GPs to move ‘as close to salaried as possible’ under radical plan to reduce workload in Scotland
Exclusive GPs will give up employing practice staff and potentially have contractual limits set on their workload under proposals being looked at by Scottish ministers.
The proposals will see GPs share responsibility for care with a wider ‘primary care team’, in a move that will see the profession move ‘as far towards salaried model as possible without losing independent status’ by 2017.
Under the plans – currently being developed by Scottish GPC and discussed with ministers – GPs will be contracted as independent ‘expert generalist medical advisors’, potentially with limits placed on their workload and their gatekeeper role shared among other professionals.
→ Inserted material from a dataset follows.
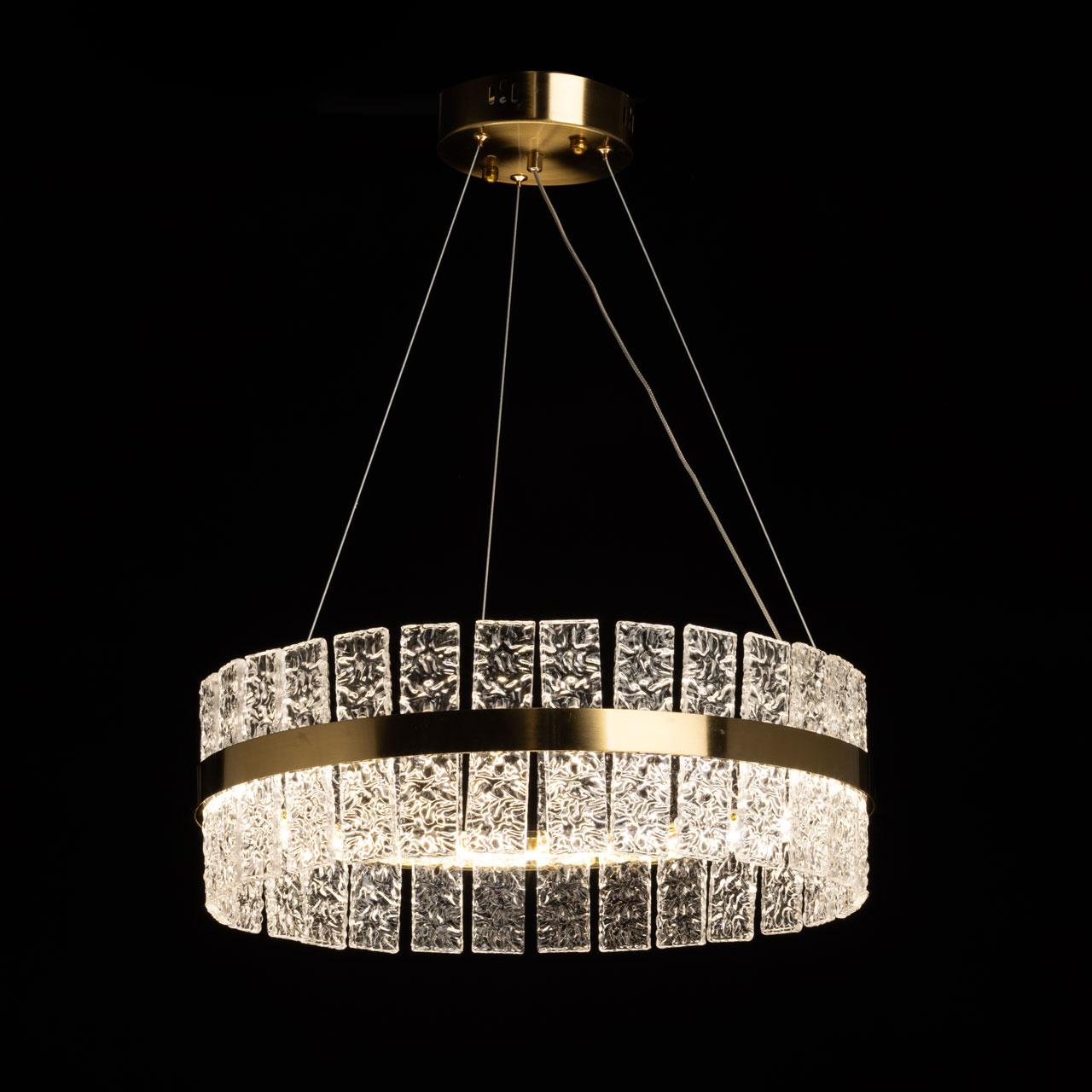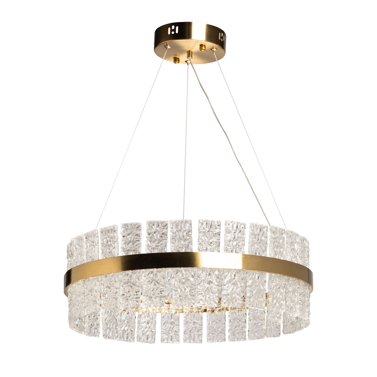 Металлическое основание подвесной люстры гальванизировано в цвет золота. Люстра декорирована прозрачными пластинами из фактурного стекла.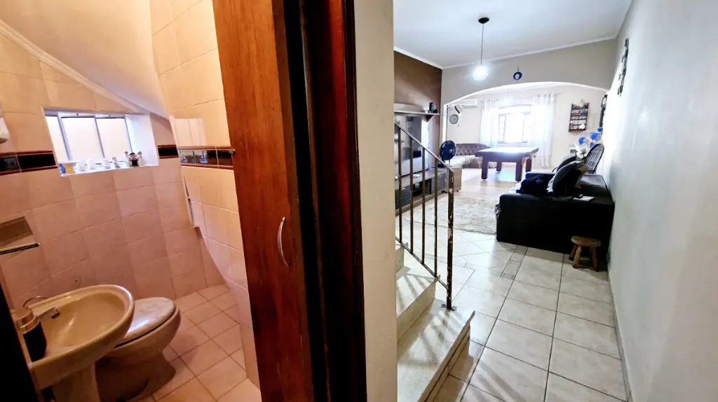 A casa conta com 3 quartos, sendo 1 suíte, ideal para acomodar a sua família com conforto. Possui 2 banheiros e um lavabo, além de 2 vagas de garagem. O espaço é valorizado por um design moderno, com piso de porcelanato que confere elegância e praticidade.

GPs will only be responsible for the direct care they provide under the plans and would no longer employ practice staff, with practice pharmacists and nursing teams directly employed by health and social care boards to carry out health checks, QOF work and prescribing.
The plans will be officially presented to GP leaders at the LMCs Conference in London later this week and they have already received backing from the Scottish health minister Shona Robison.
She told delegates at Pulse Live in Edinburgh today the ideas were ‘compelling’.
GPs in Scotland have a three-year pause in contract changes until 2017 in order to agree a completely new GP contract
Speaking at Pulse Live, Scottish GPC chair Dr Alan McDevitt said the current independent contractor status model was too risky and putting off potential new GPs. He said the new proposals could ‘engender hope’ and ‘encourage more GPs into the profession’.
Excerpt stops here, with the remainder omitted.